Camille gestured to Hugo. “A quick word?”
“Sure. Excuse me, Buzzy, take those pills and I’ll be right back.” Hugo followed Lerens out of the apartment and onto the landing.
“Close the door, if you don’t mind,” she said.
Hugo pulled it shut behind him and gave her a quizzical look. “What’s going on?”
“That smart-aleck flic downstairs decided to make amends, so he went across the street to the pharmacy and asked if they have surveillance cameras.”
“And we’re standing here talking about it, so clearly they do.”
Lerens smiled. “Oh, yes. Inside and out. He downloaded the relevant moments on a thumb drive, put it on his phone somehow and texted it to me.” She turned her phone toward Hugo, and he leaned in and oriented himself. The camera captured the sidewalk nearest it, the two-lane road, and the far sidewalk, with the doors to Pottgen’s apartment off to the left side of the screen. People passed back and forth, their faces clear and visible on the near side, but a little harder to identify across the street.
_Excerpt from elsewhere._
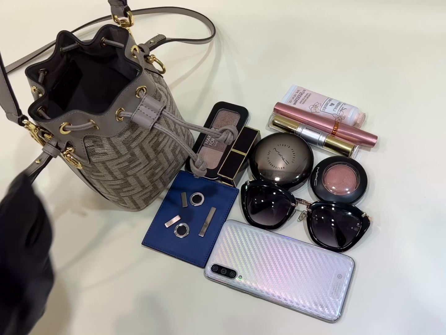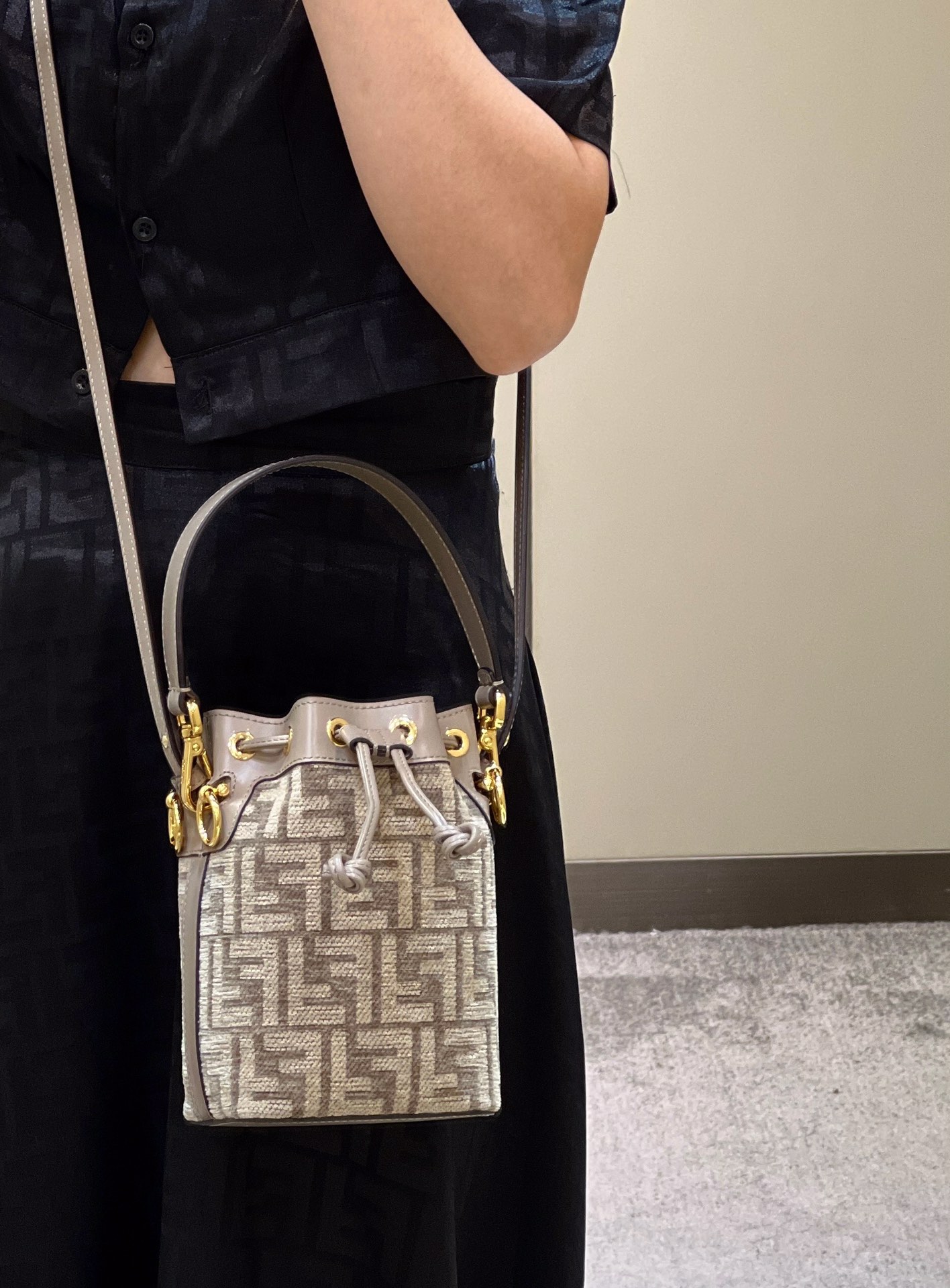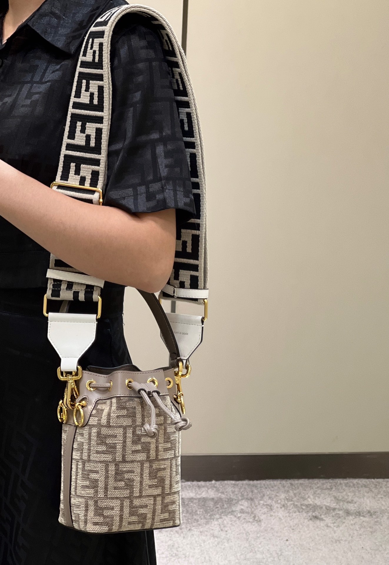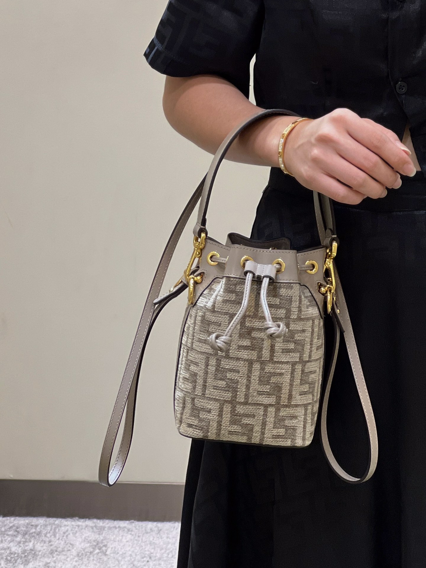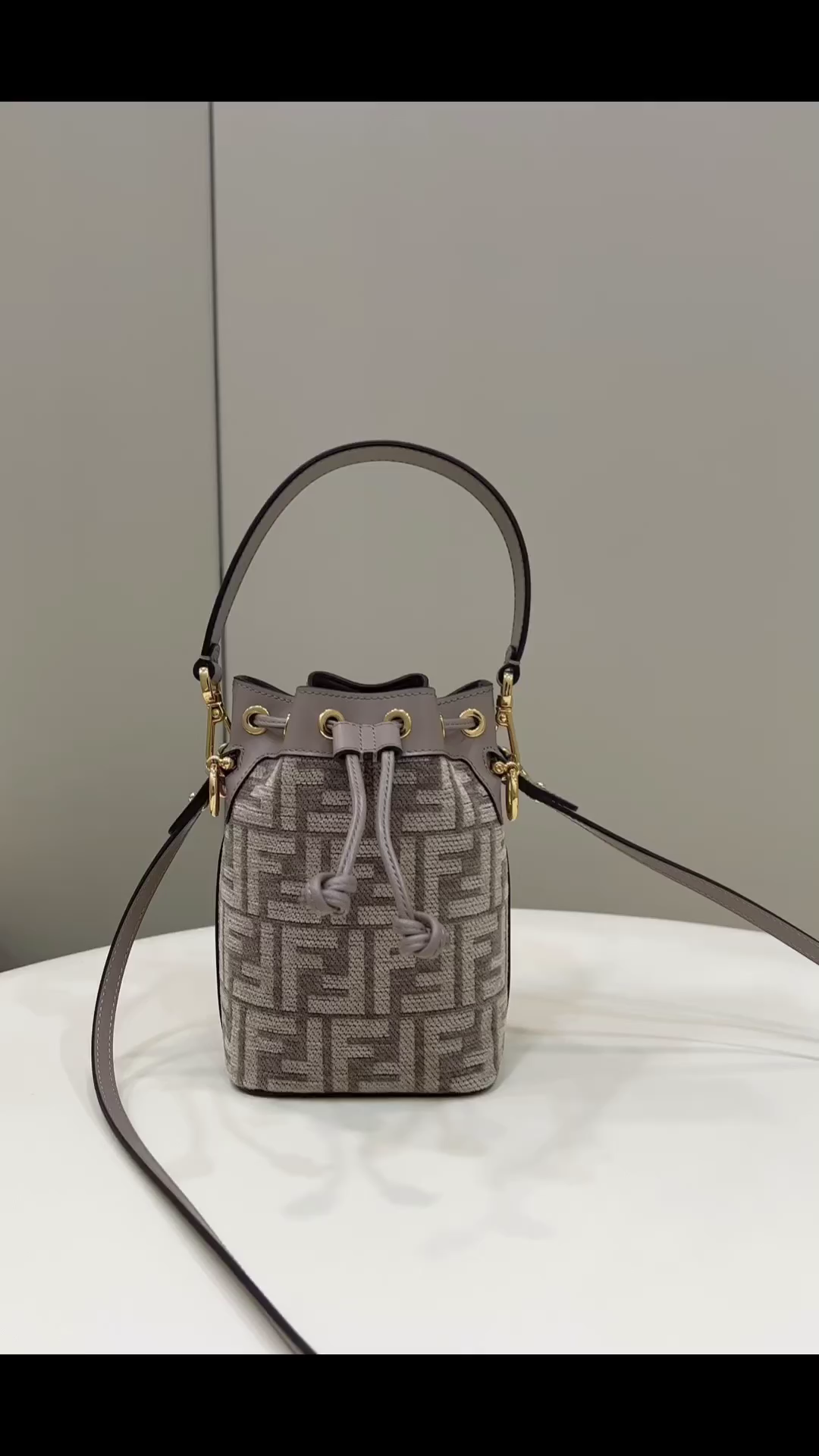 The same style MON TRÉSOR bucket bag with the iconic FF logo in dove grey, can be worn as a shoulder bag or carried by hand, making it incredibly practical.
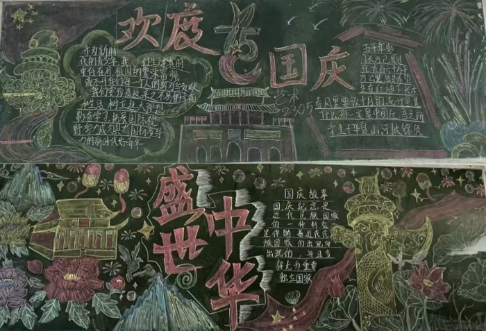 各班以庆祝国庆为题精心制作了黑板报,黑板报的创作不仅展示了同学们的艺术才华,还成为表达爱国情怀的重要载体。

Even so, Buzzy Pottgen was easy to spot. She came into the frame from the right, head down as if lost in her own world, her walk and figure recognizable despite her face being turned away from the camera.
Hugo watched the periphery of the screen on both sides, waiting for her attacker to show, holding his breath as if that’d help him not miss a frame.
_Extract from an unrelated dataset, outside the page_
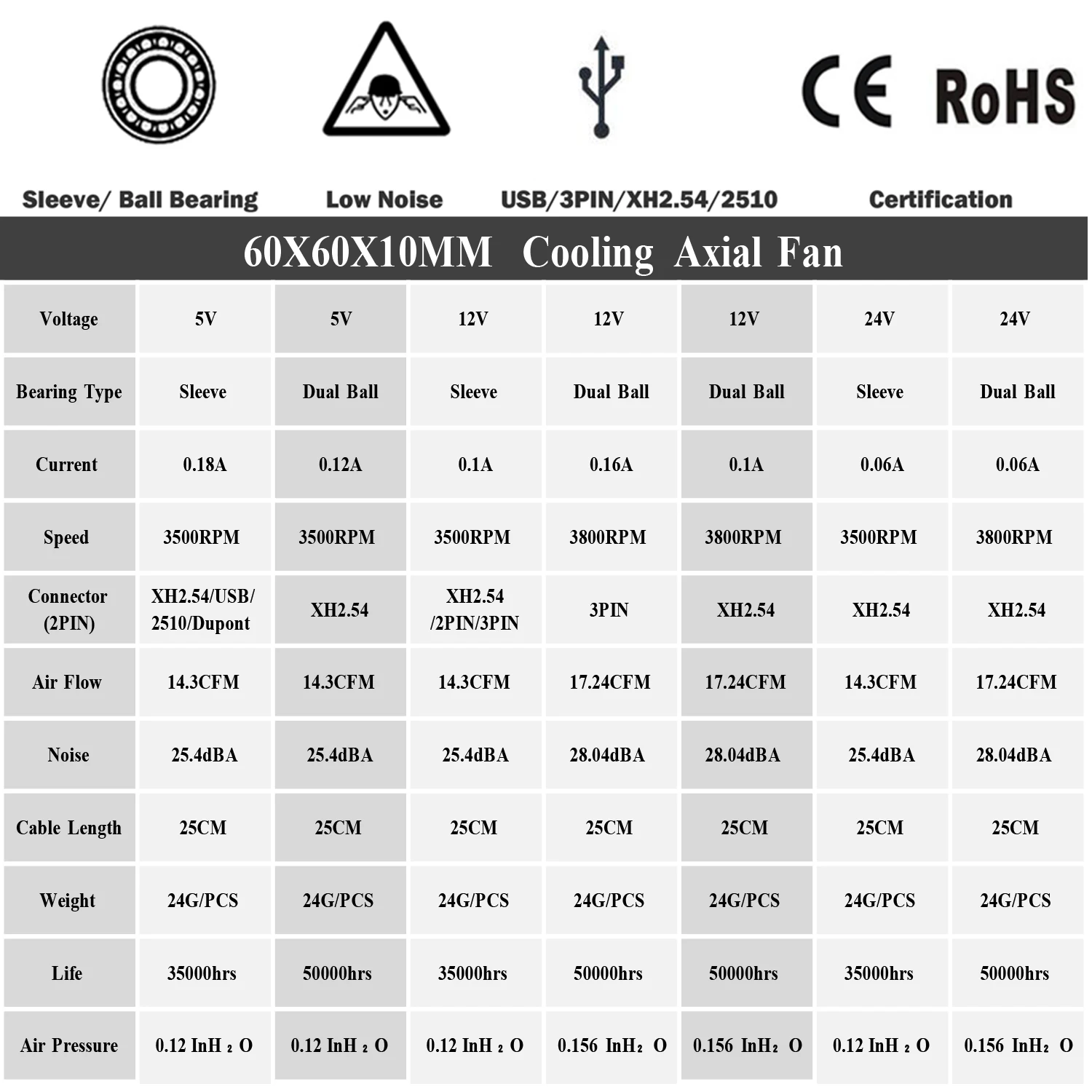 Вентилятор Gdstime, 6 см, 5 В, 12 В, 24 В, 6010, 60x60x10 мм, 60 мм
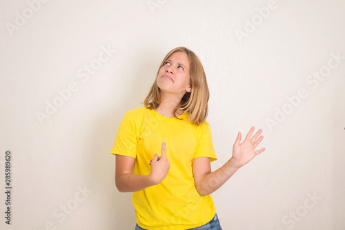 Who me? Not me! Teen girl rejecting the responsibility denying mistake with not me gesture.

Pottgen reached the double doors to the apartment building. She paused, as if trying to remember the code, her hand hovering over the key pad. Hugo noticed that Lerens was watching him, not the screen, as if she already knew who the attacker was.
Unless . . . she’s watching me for my reaction because something’s not right . . .
Pottgen’s hand moved, entering the code, and the right-hand door clicked open. Hugo moved his attention to a man in a sports coat coming up behind her, his face impossible to make out, and his gait, his size, everything about him unfamiliar. In a second, he was past her, and Pottgen herself was disappearing through the doorway, the metal grill on the front of it slowly swinging closed behind her.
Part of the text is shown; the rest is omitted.